In a previous blog post, "Monitoring Kafka Performance with Splunk," we discussed key performance metrics to monitor different components in Kafka. This blog is focused on how to collect and monitor Kafka performance metrics with Splunk Infrastructure Monitoring using OpenTelemetry, a vendor-neutral and open framework to export telemetry data. In this step-by-step getting-started blog, we will:
Kafka exposes health and performance metrics via Java Management Extensions (JMX), so the first step is to enable JMX metrics on Kafka brokers.

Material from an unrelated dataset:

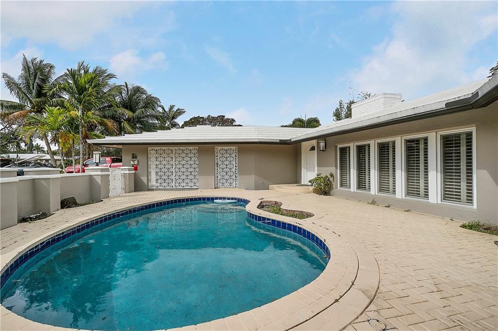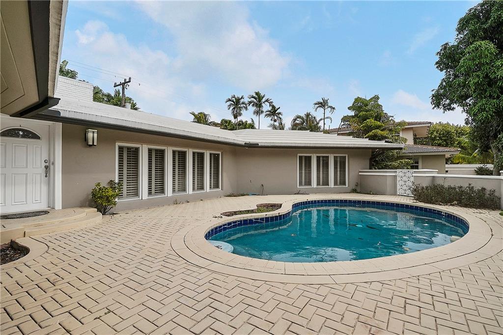 Incredible opportunity to own and remodel (or knockdown and build) on this OVERSIZED lot in the prestigious Coral Ridge neighborhood of Fort Lauderdale. Create the house of your dreams! Master bedroom with ensuite bathroom has been completely remodeled and current owner has floor tile to extend throughout main living area and other bedrooms. Large open-space floor plan combines the living area, dining room, and kitchen. Two large bedrooms are located on the east side of the house with the third bedroom located on the west side of the house, which creates a nice split. The house also features a split two car garage and a pool/patio. Included in the pictures is a design layout to make the bathroom in the third bedroom a guest bath and more accessible from the main living area.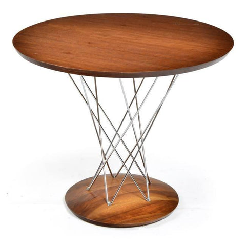Details: Walnut cyclone side table with wood base and chrome legs Dimensions: 20" H x 24" W x 24" D

You can enable JMX metrics by setting KAFKA_JMX_OPTS by one of the following methods depending on the choice of deployment:
Edit Kafka startup script, typically located at bin/kafka-run-class.sh, to include the following parameters to KAFKA_JMX_OPTS
-Djava.rmi.server.hostname=
-Dcom.sun.management.jmxremote.local.only=false
-Dcom.sun.management.jmxremote.port=
-Dcom.sun.management.jmxremote.rmi.port=
The port and the rmi.port should be set to the same value, which will allow the Splunk OpenTelemetry Connector to connect using a single port. Parameter local.only should be set to false unless you have the Otel Connector running as a sidecar or on the same instance as the host, where the host is reachable on ‘localhost’
Finally, you want to set the server.hostname as the IP address that will be used to connect to the JMX Url. If you provide the value to be “localhost” , the connection by an external service (like the Otel Connector) can only be made by specifying “localhost” in the agent config, i.e. the agent must be on the same machine or same container to access the JMX url on localhost.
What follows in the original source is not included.